It happens all the time.
If all goes right, a year from now NIT will be mentioned mockingly inside Hec Ed. UW will act like the ugly high school kid who returns 20 years later for a reunion, looking like a model.
NIT who?
Oh, that's somebody who should've had better foresight.
"You can't manufacture something," Romar said of using the NIT snub as a motivator. "It can't be faked, whatever your motivation is. But we learned as a group that you've got to go out and do it. Nothing's going to be given to you."
The Huskies are a team of privilege no more. All privileges have been revoked. Now they must become a team of revenge.
Romar tried to take a broader view Monday. He still wants answers "for conscience's sake." But he also admitted the inevitability of struggles this season. He just didn't expect the bad days to destroy the season.
"We felt like there would be days when we did not recognize our team and days that we'd be awesome," Romar said. "But the end result, I thought, was we'd be in the postseason."
Strictly from a youth standpoint, the coach compared this team to his first Huskies squad, which finished 10-17 in 2002-03. If you're constantly starting over in college basketball, then this group is starting from a much better place, Romar says.

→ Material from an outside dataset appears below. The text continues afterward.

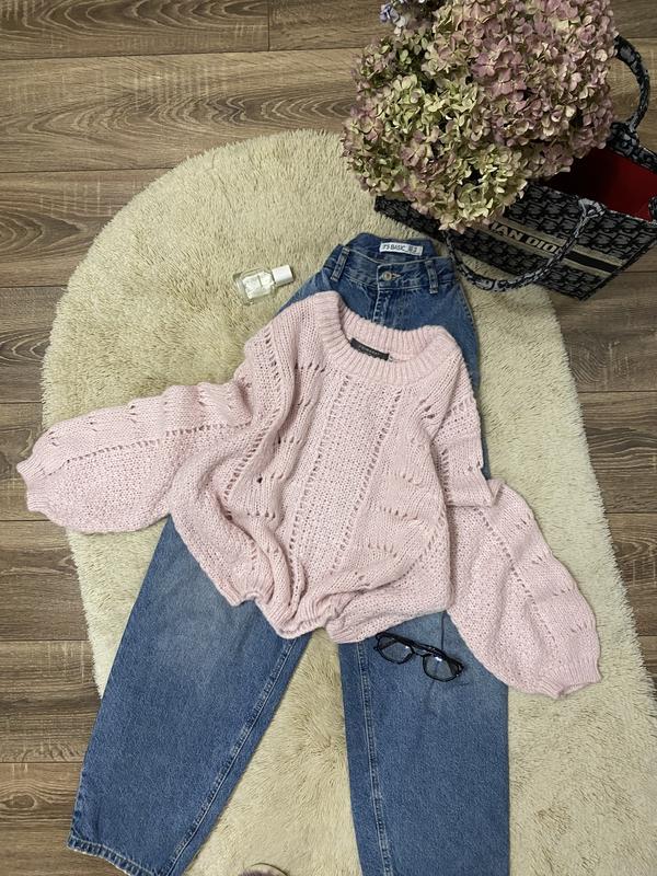 Бледно розовый укороченный свитер не плотной вязки размером XL, можно L, состав акрил и полиамид, длина 50см., полуобхват груди 68см., низ 58см., длина рукава от горловины 71см. Стан идеален. Все детали в профиле «про меня»!

"We had four freshmen and a sophomore in that group, and we went from 10-17 to two Sweet 16s," Romar said. "This team was 19-13 this season."
There are differences, of course. The group four years ago wasn't playing with a frontline the caliber of Hawes and Jon Brockman. It wasn't full of prep All-Americans. And it didn't step into an established winning environment.
But in addition to individual improvement, these Huskies must find their predecessors' edge this offseason. It should be easy. They are now the team the low-rent tournament wouldn't even accept.
It's discouraging news. But there could be encouraging ramifications, especially if Hawes gets mad and stays.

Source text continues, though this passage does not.